_Saved data entries_.

--*--

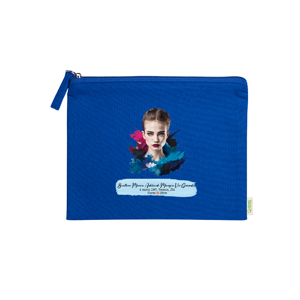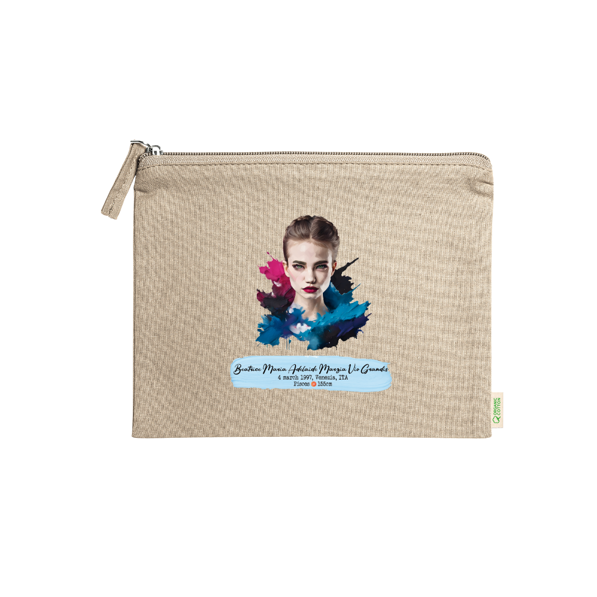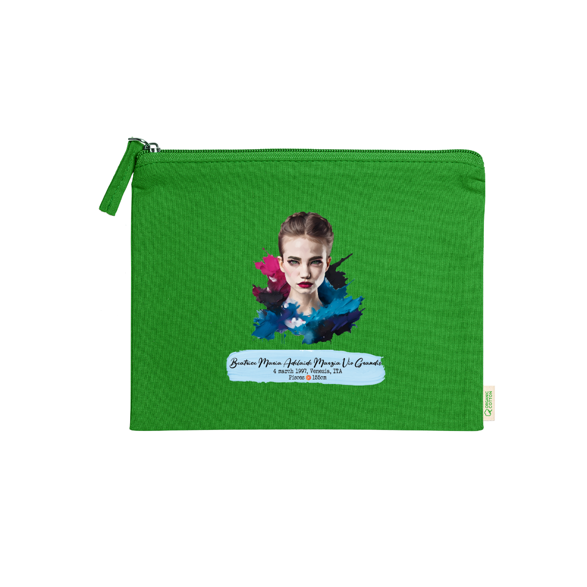 Beauty case, 100% cotone biologico,  180 g/m², tiretto abbinato, cerniera, misure 21cm x 16cm, 5 colori
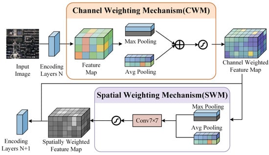 2. Spatial Weighting Mechanism: Next, the feature map enters the “Spatial Weighting Mechanism”, which aims to enhance the focus on more important spatial locations within the image. The Spatial Weighting Mechanism begins by applying pooling operations along the channel dimension, resulting in two separate pooled feature maps: one obtained through max pooling and the other through average pooling. These two pooled feature maps are concatenated along the channel dimension, then passed through a convolutional layer to generate a spatial attention map. This map indicates the significance of each spatial location within the feature map. The Sigmoid activation function is applied to this map, generating a weight coefficient. This coefficient is then element-wise multiplied with the channel-refined feature map, enabling the model to emphasize important spatial regions. The final output is a spatially weighted feature map that accentuates the most relevant areas for the task. The overall structure of the Channel Weighting Module (CWM) and the Spatial Weighting Module (SWM) is shown in Figure 6.
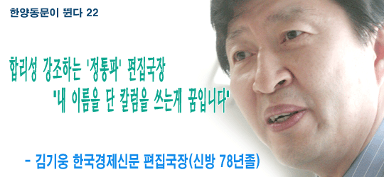 김기웅 편집국장은 1971년 본교 신문방송학과에 입학해서 78년에 졸업했다. 졸업과 동시에 내외경제신문에 입사했으며 80년부터 한국경제신문으로 자리를 옮겨 지금까지 근무하고 있다. 그는 김영삼 대통령 시절 정치부 차장으로 청와대에 출입하기도 했으며 산업부장, 편집국 부국장, 광고국장 등을 역임했다. 올해 4월부터 편집국장으로 근무하고 있는 김 동문은 본교 언론인들의 모임인 '한양언론인회'의 총무로도 활동 중이다.
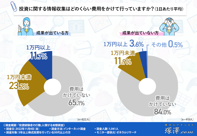 成果が出ている方に、「投資に関する情報収集にはどのくらい費用をかけていますか?(1か月あたり平均)」と質問したところ、『費用はかけていない(65.1%)』『1万円未満(23.2%)』『1万円以上(11.7%)』という回答結果になりました。
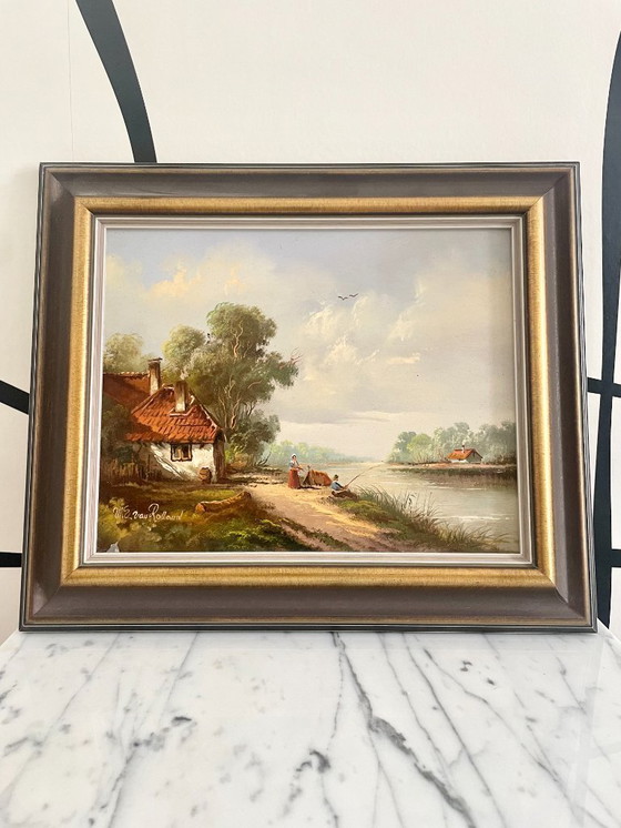 Cuadro de época firmado W.E. van Rolland - Paisaje rural - Óleo sobre tabla - Marco de madera
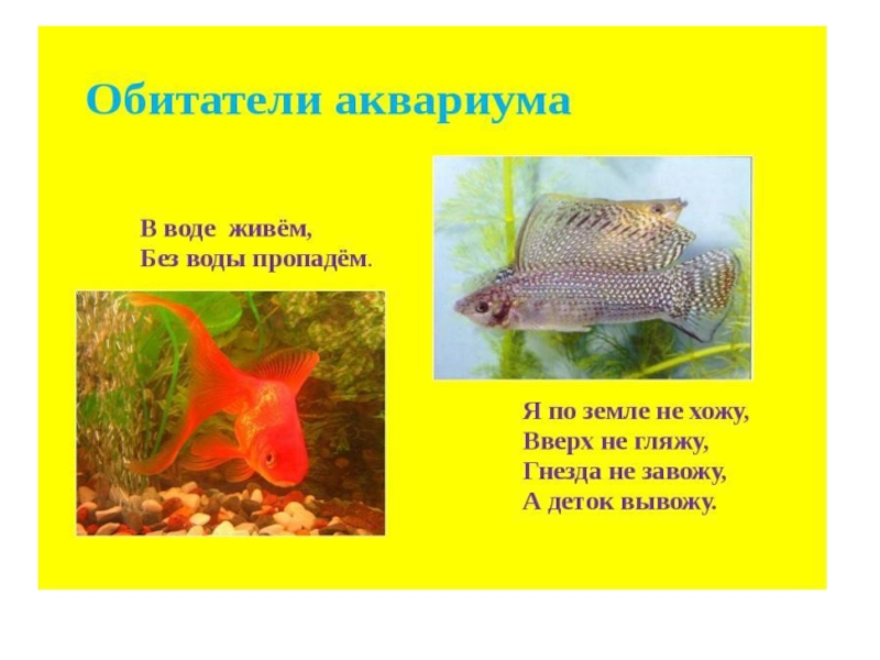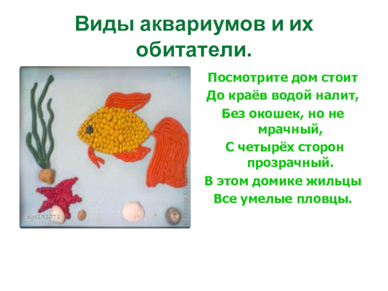 Виды аквариумов и их обитатели.Посмотрите дом стоит До краёв водой налит, Без окошек, но не мрачный, С

--*--

_Assigned task_.
Starting with the line that holds "成果が出ている方に、「投資に", print each line through the last one of the data exactly as written, but do not include the pictures.

_Answer area_.
 成果が出ている方に、「投資に関する情報収集にはどのくらい費用をかけていますか?(1か月あたり平均)」と質問したところ、『費用はかけていない(65.1%)』『1万円未満(23.2%)』『1万円以上(11.7%)』という回答結果になりました。
 Cuadro de época firmado W.E. van Rolland - Paisaje rural - Óleo sobre tabla - Marco de madera
 Виды аквариумов и их обитатели.Посмотрите дом стоит До краёв водой налит, Без окошек, но не мрачный, С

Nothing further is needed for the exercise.